Download the data for training the network. It's exactly the same as that's been provided for you, but we'll fetch this from the cloud to keep uploads small

In [None]:
# uncomment for running on colab
# !wget "https://cc.gatech.edu/~hays/compvision/proj5/data.zip" -O data.zip && unzip -qq data.zip
# !rm ./data.zip

### Upload code and unit tests

Once you have finished your code, run `python ./zip_for_colab.py` and all the required files and tests will be written to `cv_proj5.zip`.

Click the folder icon on the left of the colab UI, and click on the upload button right below the "Files" heading. You should have done a similar process for Project 4.

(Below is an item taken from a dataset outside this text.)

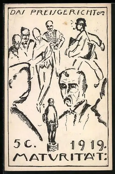 Künstler-AK Basel, Maturität 1919 5C, Das Preisgericht tagt

Run the cell below once your upload completes to extract your uploaded files.

In [None]:
# uncomment for running on colab
# !unzip -qq cv_proj5.zip -d ./

### Preparation

We'll import the required functions and set up GPU computation.

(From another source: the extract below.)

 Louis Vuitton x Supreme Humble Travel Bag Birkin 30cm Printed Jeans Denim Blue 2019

Click on Runtime $\rightarrow$ Change Runtime Type, and select "GPU" under hardware accelerator.

In [None]:
import os

import torch

from proj5_code.runner import Trainer
from proj5_code.optimizer import get_optimizer
from proj5_code.simple_net import SimpleNet
from proj5_code.simple_net_final import SimpleNetFinal
from proj5_code.my_resnet import MyResNet18
from proj5_code.data_transforms import (get_fundamental_transforms,
                                        get_fundamental_normalization_transforms,
                                        get_fundamental_augmentation_transforms,
                                        get_all_transforms)
from proj5_code.stats_helper import compute_mean_and_std
from proj5_code.confusion_matrix import (generate_confusion_data, generate_confusion_matrix,
                                         plot_confusion_matrix, get_pred_images_for_target,
                                         generate_and_plot_confusion_matrix)
from proj5_code.dl_utils import save_trained_model_weights

%load_ext autoreload
%autoreload 2

In [None]:
from proj5_unit_tests.utils import verify
from proj5_unit_tests.test_stats_helper import test_mean_and_variance
from proj5_unit_tests.test_image_loader import (test_dataset_length, test_unique_vals,
                                                test_class_values, test_load_img_from_path)
from proj5_unit_tests.test_data_transforms import (test_fundamental_transforms, 
                                                   test_data_augmentation_transforms,
                                                   test_data_augmentation_with_normalization_transforms)
from proj5_unit_tests.test_dl_utils import test_compute_accuracy, test_compute_loss
from proj5_unit_tests.test_simple_net import test_simple_net
from proj5_unit_tests.test_simple_net_final import test_simple_net_final
from proj5_unit_tests.test_my_resnet import test_my_resnet
from proj5_unit_tests.test_confusion_matrix import (test_generate_confusion_matrix, 
                                                    test_generate_confusion_matrix_normalized)

In [None]:
is_cuda = True
is_cuda = is_cuda and torch.cuda.is_available() # will turn off cuda if the machine doesnt have a GPU

In [None]:
data_path = '../data/' if not use_colab else './data/'
model_path = '../model_checkpoints/' if not use_colab else './model_checkpoints/'

## Part 1: SimpleNet
To train a network in PyTorch, we need 4 components:
1. **Dataset** - an object which can load the data and labels given an index.
2. **Model** - an object that contains the network architecture definition.
3. **Loss function** - a function that measures how far the network output is from the ground truth label.
4. **Optimizer** - an object that optimizes the network parameters to reduce the loss value.

### Part 1.1: Datasets
Now let's create the **Datasets** object to be used later. Remember back in Project 1, we have initialized such a class to load 5 images? Here the task is similar: we have to load each image as well as it's classification label. The key idea is to store the paths to all the images in your dataset, and then be able to provide the image file path and its ground truth class id when given the index of a data example.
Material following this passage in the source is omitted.